Supplied information
Content starts

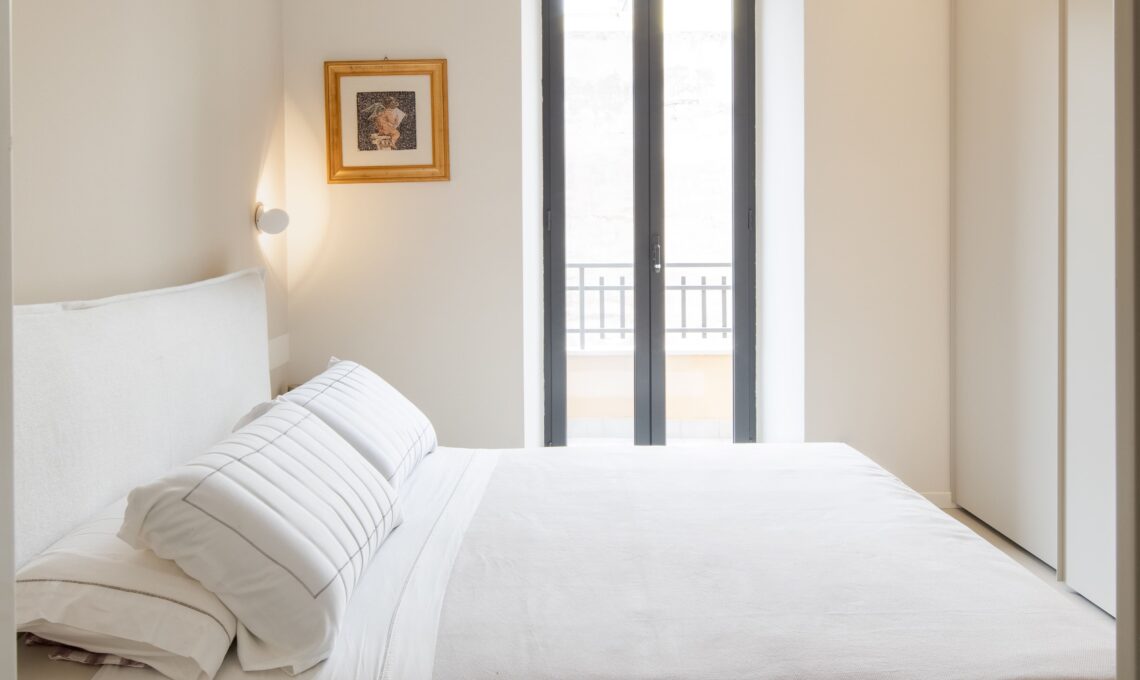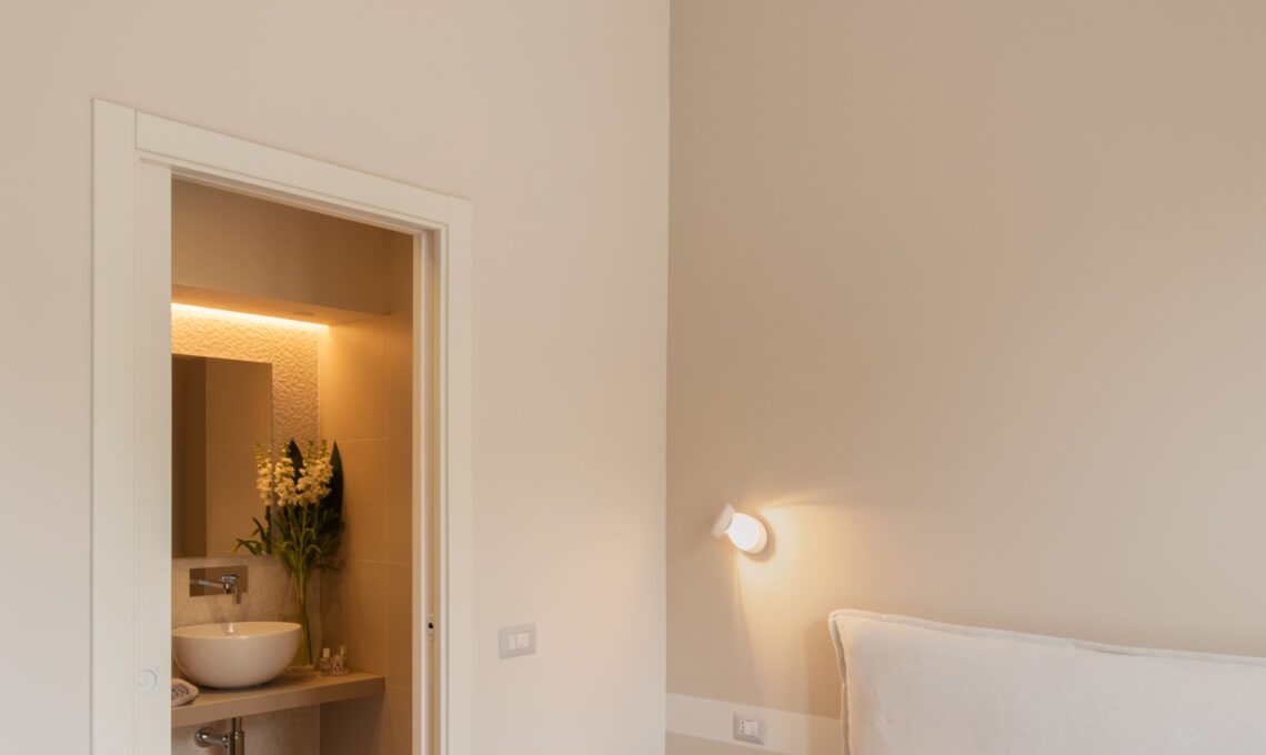 Anche per la zona notte il ridisegno della pianta ha dato un valore aggiunto, il semplice gesto di cambiare la parete in cui alloggiare la porta di ingresso al bagno en suite ha fatto la differenza, prima una volta aperta la porta della camera ci si trovava direttamente di fronte a quella del bagno, ora invece avendo spostato la porta sulla parete laterale il passaggio è più graduale e anche la disposizione degli arredi del bagno è più funzionale. Questo e l'utilizzo del bianco per le pareti e gli arredi ha reso questo bagno molto più grande e luminoso.
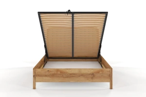 Dębowe łóżko z tapicerowanym zagłówkiem i pojemną skrzynią
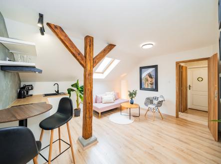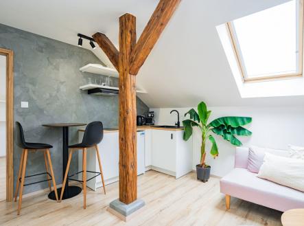 Nabízíme Vám ke koupi atraktivní jednotku 2kk, 36 m2, po rekonstrukci ve třetím patře klasického činžovního domu s osobitou atmosférou v klidné ulici Cimburkova, Praha - Žižkov. Jedná se o skvělou nabídku pro klienty hledající možnost investice a realizace v rámci krátkodobých pronájmů, ale i jako zázemí pro trvalé bydlení. Byt prošel v polovině tohoto roku celkovou rekonstrukcí. V rámci zmiňované, velmi zdařilé rekonstrukce, je vybudovaná nová koupelna včetně sanity, nové podlahové krytiny, štuky včetně výmalby, interiérové dveře s obložkami, ale i nová kuchyňská linka. Byt má příjemné a praktické dispozice. Obývací pokoj se střešním oknem je propojený s kuchyní včetně spotřebičů. Dále je zde samostatná ložnice s manželskou postelí. Ze vstupní chodbičky se vstupuje do koupelny s vanou, umyvadlem a toaletou. Jedná se o vkusný byt, který lze okamžitě užívat. Jednotka je vedená jako ateliér a náleží k ní i komora pro ukládání věcí. Hypoteční úvěr je dle aktualizovaných informací možný, propojíme Vás s informovaným finančním poradcem. Majitelé využívali dlouhodobě jednotku za účelem krátkodobých pronájmů a pro vážné zájemce máme nachystaná data obsazenosti i výnosů. Velmi příjemné jsou nízké provozní náklady bytu. Topení i teplou vodu zajišťuje plynový kotel. Velkou výhodu této jednotky je lokalita, která snoubí blízkost kompletní sítě obchodů a služeb, ale i docházkovou vzdálenost MHD v rámci několika minut. Celá oblast Žižkova prošla úžasnou proměnou, je zde vybudována nová infrastruktura i mnoho kaváren a služeb. V blízkosti je také park. Pro osobní prohlídku mě kontaktujte. Ráda Vám byt představím.
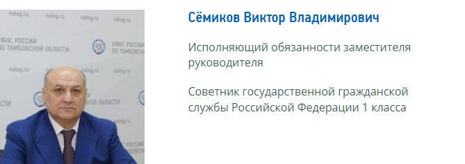 - и.о. замруководителя Тамбовской ФНС В.В.Сёмиков, который отвечает за сбор денежных средств;
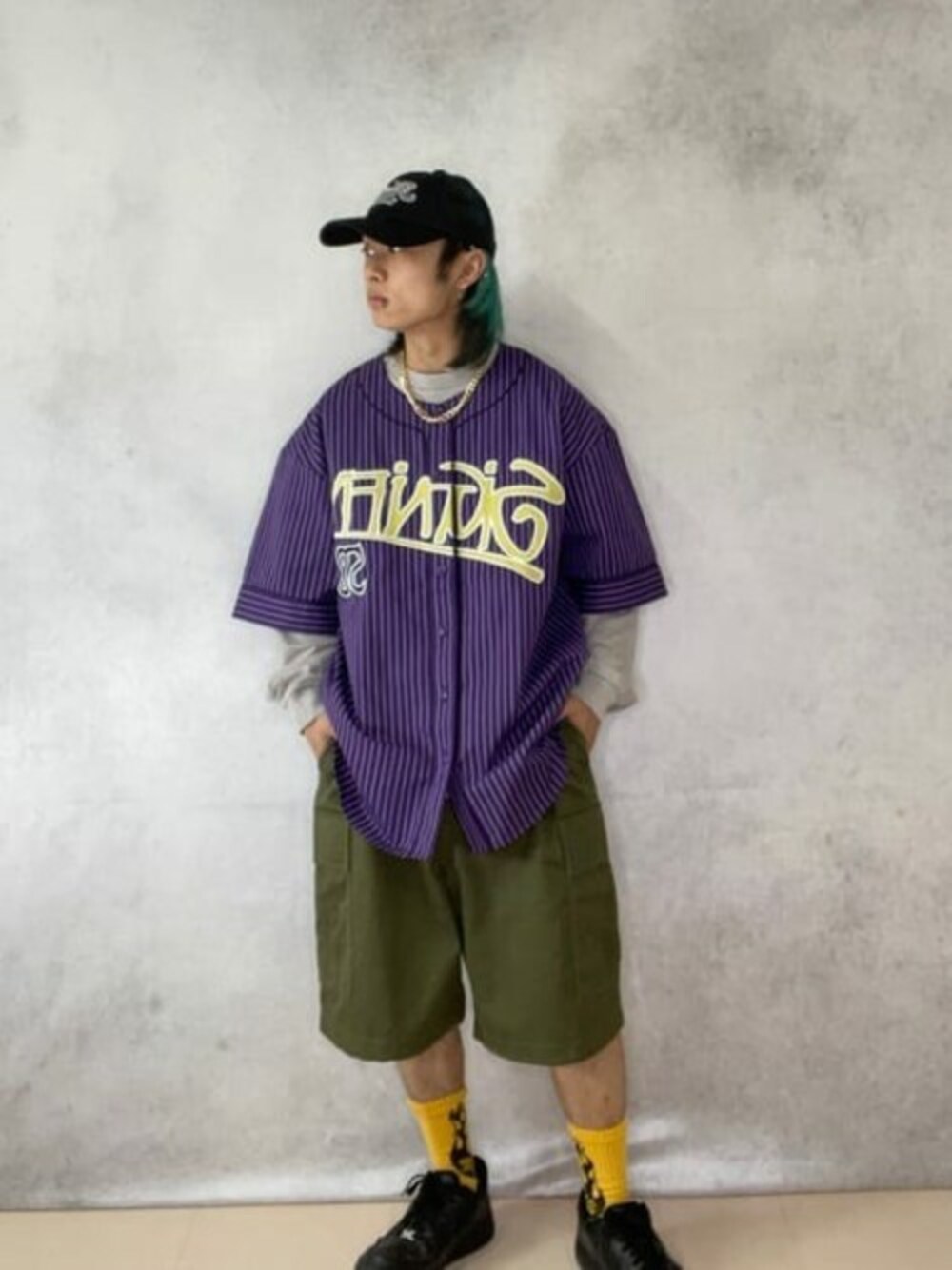 新作のスタジアムBIGシャツを使ったコーデになります! まだ夜は涼しいのでインナーでロンT着てみました!トップスもパンツもダボッとした感じで超Chillなラッパーて感じでよいよい!◎ トップスに紫、ソックスは黄色、、、強めの色をカーキのパンツが上手くまとめてくれちゃうねん!!
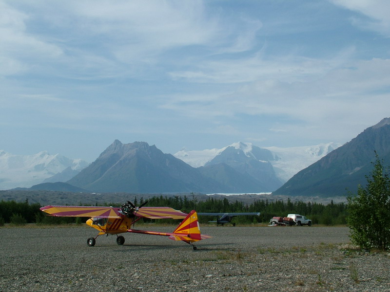 Gang: Here's a photo I took same day the video at Eureka Lodge was taken. This was at the new airstrip at McCarthy, Alaska, and Kennecott Copper Mine. It is a beautiful area at the end of the line. One of the reasons I like this photo is the Super Cub and gear of an outfitter or miner on the other side of the strip. I probably had enough fuel to get back to the Knik River, but don't like to take chances with fuel. Struck up a conversation of a fella that was flying one of the tour aircraft out of McCarthy. There was no fuel for sale for the public, but he bent the rules and sold me 10 gals out of their company tank. This fuel is haued in to the airstrip during the winter with the river is frozen. From McCarthy I flew back to Eureka Lodge with one stop in a borrow pit near the highway for a "pit stop". The Lodge closes the kitchen at 2200 and I was pushing hard to get there in time for some good food.
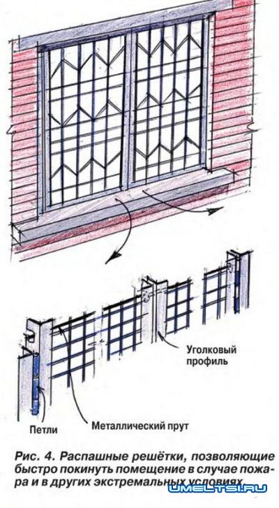 Другой вариант — сделать решётки распашными, то есть состоящими из двух половинок, каждая из которых крепится к оконному проёму при помощи мощных металлических петель. В центре они стыкуются, образуя единое защитное полотно (рис. 4). Для жёсткого соединения половинок решётки используют три металлических штыря (вверху, в центре и внизу решётки). В случае экстремальных условий штыри легко вынуть, открывая путь к выходу из дома.
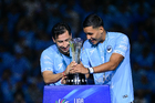 Tampico Madero, Tamaulipas, 6 de diciembre de 2025. Sergio Flores y Gerardo Ruíz en festejo con el trofeo de campeón, durante el partido correspondiente a la vuelta de la Gran Final del torneo Apertura 2025 de la Liga BBVA Expansión MX, entre la Jaiba Brava del Tampico Madero y los Freseros de irapuato, realizado en el estadio Tamaulipas. Foto: Imago7/ Alexis Chavez

Content ends

Assignment
Skipping any pictures, copy the entries exactly as they appear.

Expected answer
 Anche per la zona notte il ridisegno della pianta ha dato un valore aggiunto, il semplice gesto di cambiare la parete in cui alloggiare la porta di ingresso al bagno en suite ha fatto la differenza, prima una volta aperta la porta della camera ci si trovava direttamente di fronte a quella del bagno, ora invece avendo spostato la porta sulla parete laterale il passaggio è più graduale e anche la disposizione degli arredi del bagno è più funzionale. Questo e l'utilizzo del bianco per le pareti e gli arredi ha reso questo bagno molto più grande e luminoso.
 Dębowe łóżko z tapicerowanym zagłówkiem i pojemną skrzynią
 Nabízíme Vám ke koupi atraktivní jednotku 2kk, 36 m2, po rekonstrukci ve třetím patře klasického činžovního domu s osobitou atmosférou v klidné ulici Cimburkova, Praha - Žižkov. Jedná se o skvělou nabídku pro klienty hledající možnost investice a realizace v rámci krátkodobých pronájmů, ale i jako zázemí pro trvalé bydlení. Byt prošel v polovině tohoto roku celkovou rekonstrukcí. V rámci zmiňované, velmi zdařilé rekonstrukce, je vybudovaná nová koupelna včetně sanity, nové podlahové krytiny, štuky včetně výmalby, interiérové dveře s obložkami, ale i nová kuchyňská linka. Byt má příjemné a praktické dispozice. Obývací pokoj se střešním oknem je propojený s kuchyní včetně spotřebičů. Dále je zde samostatná ložnice s manželskou postelí. Ze vstupní chodbičky se vstupuje do koupelny s vanou, umyvadlem a toaletou. Jedná se o vkusný byt, který lze okamžitě užívat. Jednotka je vedená jako ateliér a náleží k ní i komora pro ukládání věcí. Hypoteční úvěr je dle aktualizovaných informací možný, propojíme Vás s informovaným finančním poradcem. Majitelé využívali dlouhodobě jednotku za účelem krátkodobých pronájmů a pro vážné zájemce máme nachystaná data obsazenosti i výnosů. Velmi příjemné jsou nízké provozní náklady bytu. Topení i teplou vodu zajišťuje plynový kotel. Velkou výhodu této jednotky je lokalita, která snoubí blízkost kompletní sítě obchodů a služeb, ale i docházkovou vzdálenost MHD v rámci několika minut. Celá oblast Žižkova prošla úžasnou proměnou, je zde vybudována nová infrastruktura i mnoho kaváren a služeb. V blízkosti je také park. Pro osobní prohlídku mě kontaktujte. Ráda Vám byt představím.
 - и.о. замруководителя Тамбовской ФНС В.В.Сёмиков, который отвечает за сбор денежных средств;
 新作のスタジアムBIGシャツを使ったコーデになります! まだ夜は涼しいのでインナーでロンT着てみました!トップスもパンツもダボッとした感じで超Chillなラッパーて感じでよいよい!◎ トップスに紫、ソックスは黄色、、、強めの色をカーキのパンツが上手くまとめてくれちゃうねん!!
 Gang: Here's a photo I took same day the video at Eureka Lodge was taken. This was at the new airstrip at McCarthy, Alaska, and Kennecott Copper Mine. It is a beautiful area at the end of the line. One of the reasons I like this photo is the Super Cub and gear of an outfitter or miner on the other side of the strip. I probably had enough fuel to get back to the Knik River, but don't like to take chances with fuel. Struck up a conversation of a fella that was flying one of the tour aircraft out of McCarthy. There was no fuel for sale for the public, but he bent the rules and sold me 10 gals out of their company tank. This fuel is haued in to the airstrip during the winter with the river is frozen. From McCarthy I flew back to Eureka Lodge with one stop in a borrow pit near the highway for a "pit stop". The Lodge closes the kitchen at 2200 and I was pushing hard to get there in time for some good food.
 Другой вариант — сделать решётки распашными, то есть состоящими из двух половинок, каждая из которых крепится к оконному проёму при помощи мощных металлических петель. В центре они стыкуются, образуя единое защитное полотно (рис. 4). Для жёсткого соединения половинок решётки используют три металлических штыря (вверху, в центре и внизу решётки). В случае экстремальных условий штыри легко вынуть, открывая путь к выходу из дома.
 Tampico Madero, Tamaulipas, 6 de diciembre de 2025. Sergio Flores y Gerardo Ruíz en festejo con el trofeo de campeón, durante el partido correspondiente a la vuelta de la Gran Final del torneo Apertura 2025 de la Liga BBVA Expansión MX, entre la Jaiba Brava del Tampico Madero y los Freseros de irapuato, realizado en el estadio Tamaulipas. Foto: Imago7/ Alexis Chavez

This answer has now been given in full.